Шрифт:
Интервал:
Закладка:
Или нет? Должен ли он так поступить? Может, Крису Тейлору не следует убивать Барнса? Тогда просто уйти? Оставить эту презренную душу в ее аду? В фильмах герои не должны позволять себе опускаться до уровня злодеев. Никогда. Это правило, которое было почерпнуто из театральной драматургии и принималось как данность в кино. И все же в киносценарии я оставил себе право выбора между двумя вариантами. И когда по прошествии десятилетия пришло время снимать и монтировать фильм, я прислушался к зову своей ожесточенности. Я убил его. Я убил ублюдка, потому что мне этого хотелось.
Почему? Как я уже сказал, война отравила и меня. Во мне была частичка Барнса. Я думаю, что мое решение шокировало многих зрителей, которые наконец-то увидели фильм в 1986 году. Люди направляли письма, требуя, чтобы меня привлекли к ответственности как военного преступника. Правда, которую не хотели признавать большинство людей, отслуживших во Вьетнаме, заключалась в том, что война испортила всех нас.

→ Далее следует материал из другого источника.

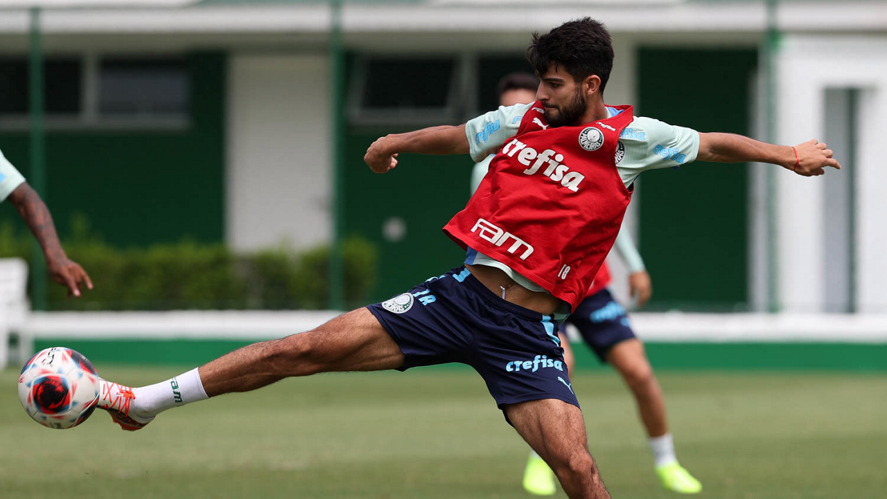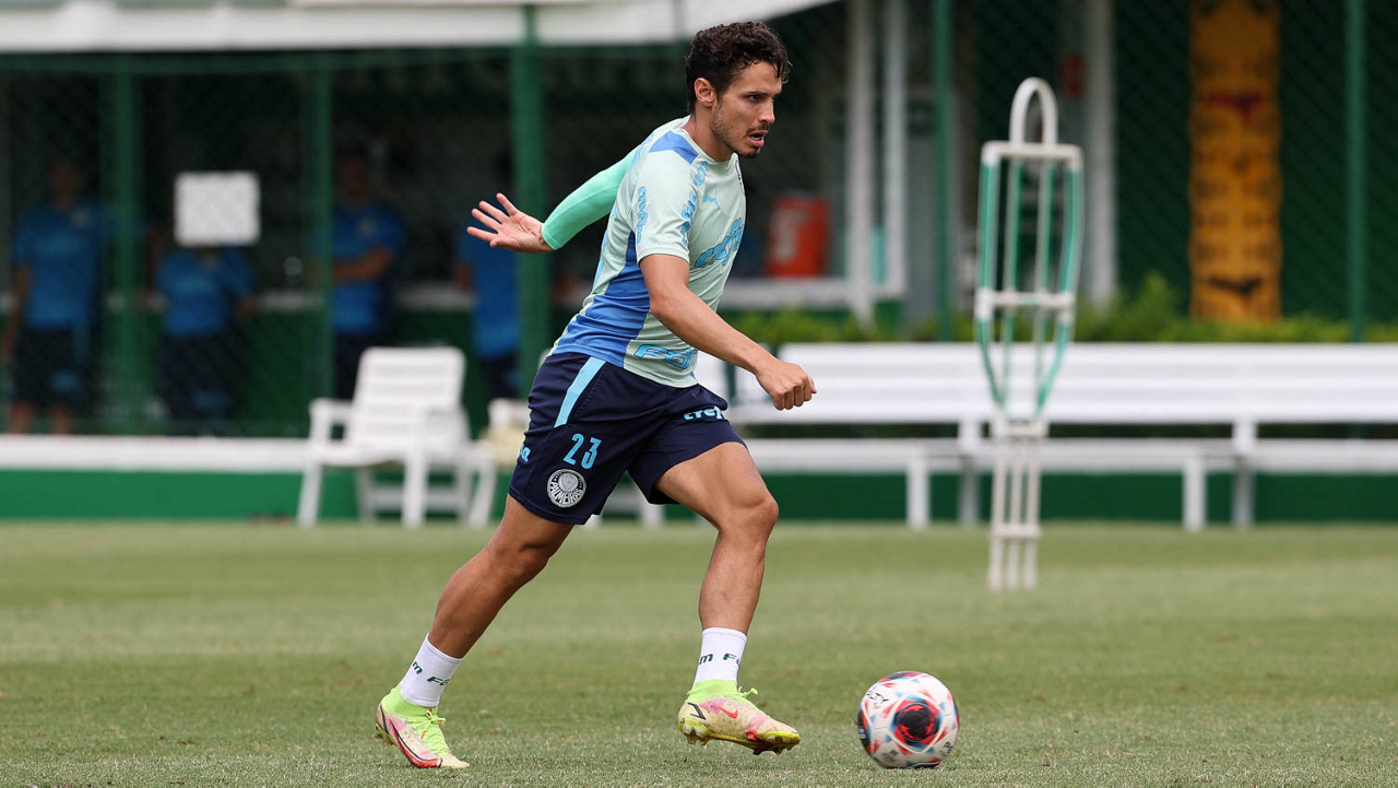 O jogador Raphael Veiga, da SE Palmeiras, durante treinamento, na Academia de Futebol. (Foto: Cesar Greco/Palmeiras/by Canon)

Вне зависимости от того, убивали ли мы кого-то или нет. Мы стали частью военной машины, которая была настолько морально мертва, что бомбила, заливала напалмом и отравляла ядами целую страну, хотя мы знали, что эта война велась не ради защиты нашей родины. Никакой честный американец не мог на голубом глазу уподобить войну во Вьетнаме нашей борьбе против германского нацизма и японского империализма во времена Второй мировой войны. Я хотел, чтобы зрители ощутили стыд, испытываемый мною, который должны были почувствовать все мы — водители грузовиков, клерки в тылу и да, мирные американские налогоплательщики — за наше участие в этой войне как нации. Мы оставили после себя во Вьетнаме, Лаосе и Камбодже разбомбленное крошево, токсины и мины, 4–5 млн погибших, сотни тысяч искалеченных и отравленных, бесчисленное множество беженцев — разве это не был самый настоящий Холокост, порожденный американской огневой мощью? Хотя моя страна может многим гордиться — изобретательностью, прогрессом, относительно продвинутой социальной и расовой интеграцией (список можно продолжить) — и убеждает себя вновь и вновь в своем величии, в нас все же скрыта тьма, которая не засыпает до конца даже тихими ночами на окраинах наших городков.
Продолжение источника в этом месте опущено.